While there is no way to prove or disprove the theory that Satan is deceiving those who have an NDE, there is also the unprovable possibility that Satan is using these Christian-professing ministers to deceive people about the Supreme Being’s true personality. Perhaps the Supreme Being is far more merciful and forgiving than these ministers have ever grasped, and perhaps this Being has an agenda for humankind that none of us have truly comprehended. I think you have to judge the NDEs on their own merit. Are people who have had an NDE becoming atheists, or are they more certain than ever that a Supreme Being exits? Are they more despondent after the experience, or do they have a new zest for living? Do they seek to be more loving and kind than ever, or do they dive into materialism?
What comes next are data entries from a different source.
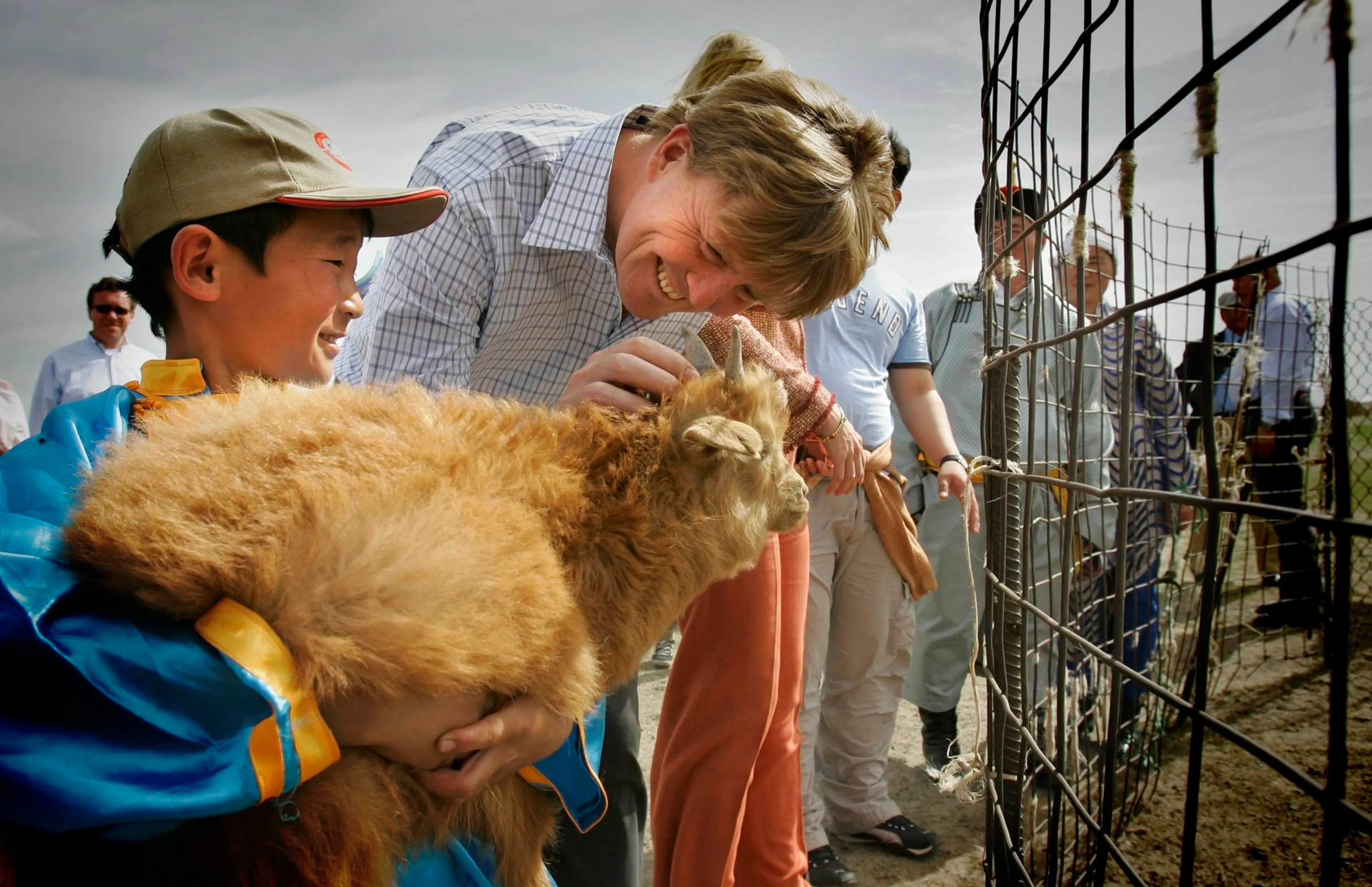 In de Hustai Park Buffer Zone in Mongolië laat een jongetje vol trots zijn geitje zien aan Willem-Alexander. De lach op het gezicht van Willem-Alexander zegt genoeg.
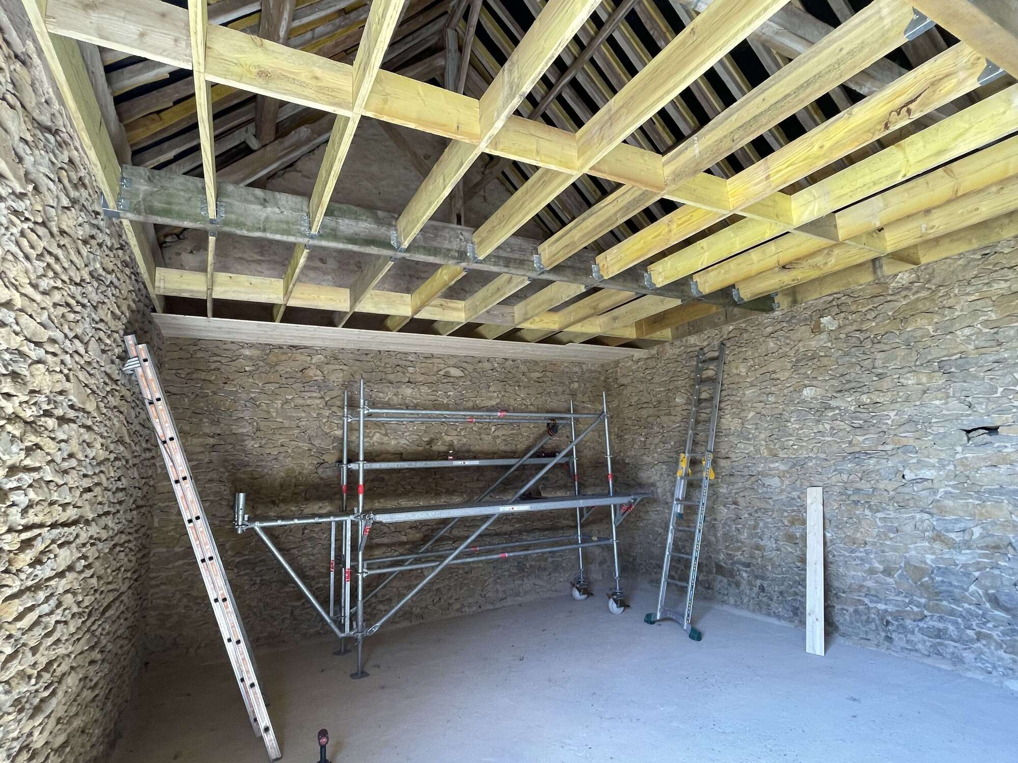 Une fois le projet défini, nous effectuons une prise de côtes sur place, grâce à des outils traditionnels, tels que le niveau, la règle et le fil à plomb, pour nous assurer que les dimensions sont exactes et les angles parfaits. Cette étape est cruciale, car une mauvaise prise de côte peut nuire à la qualité de l'ensemble de la structure, notamment lors de la phase de levage.
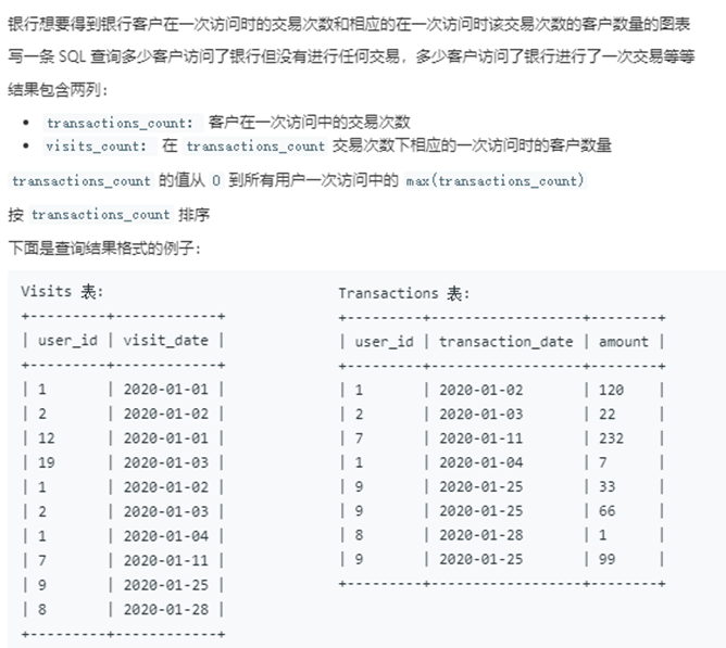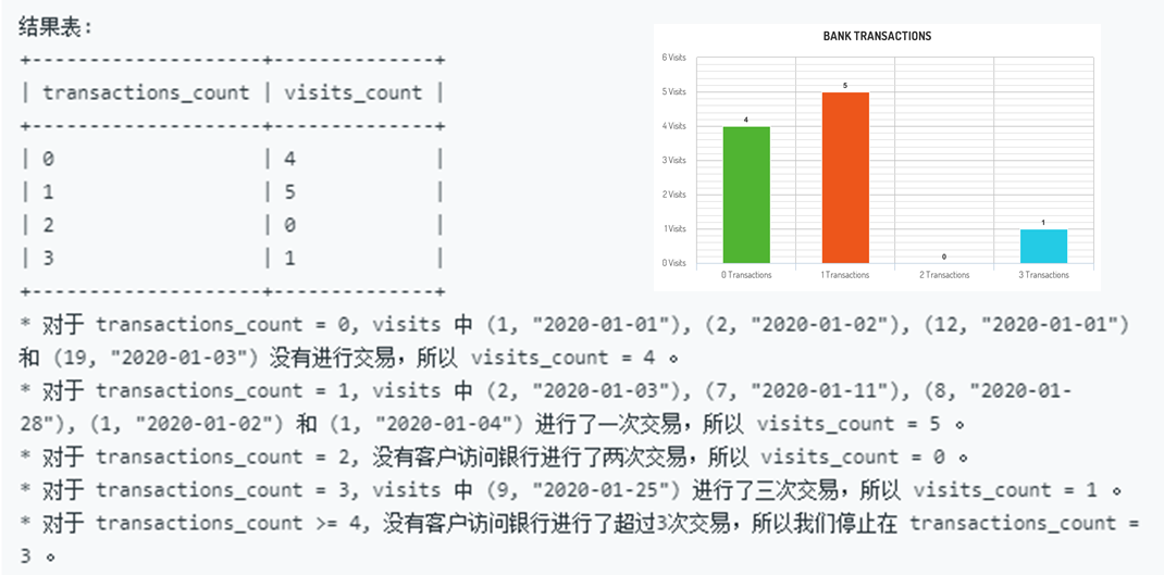 这个想法其实是没问题的,但缺少一种特殊情况:如果transactions表为空,此时意味着可能存在多次来访,但每次的交易次数都是0。而恰巧就是这个0也不能由transaction表依附生成。解决这个问题的方法有多种,比如我们可以将visits表和transactions表union后的结果作为依附表来生成编号,但那样未免有些牛刀杀鸡。考虑到transaction表无法解决的情况仅限于表为空、交易次数均为0的这种特殊情形,我们仅需简单的将上述结果union一个特殊的0确保生成的编号框架永不为空即可。同时设置@id从1开始计数。

While Dr. Moody’s three books will help you answer the above questions, you should also read Dr. Kenneth Ring’s much lengther and more scholarly works titled Life at Death: A Scientific Investigation of the Near-Death Experience (published by Quill in 1982) and Heading Toward Omega: In Search of the Meaning of the Near-Death Experience (published by William Morrow & Co. in 1984). Dr. Ring is a professor of psychology at the University of Connecticut and president of the International Association for Near-Death Studies, the only organization devoted to the spread of information about the NDE to professionals and the lay public.

I found rereading my NDE books and writing this short article to be an exhilarating, emotionally moving experience. I hope all AR readers will pick up one of the NDE books I have mentioned. I guarantee you that reading such a book is a joyous and captivating experience – especially reading the dozens of personal accounts from those who cheated death and lived to tell about it. Another nice feature about the NDE concept is that it is not the product of any religious group. Therefore, reading about the NDE will not lead you to some weird cult that wants to clean out your pocketbook. Knowing about the NDE, however, may broaden your outlook on life and give you an inner peace of mind by offering you answers to questions on the afterlife unavailable from most churches.

*The nom de plume of one of AR’s much appreciated longtime friends and advisers.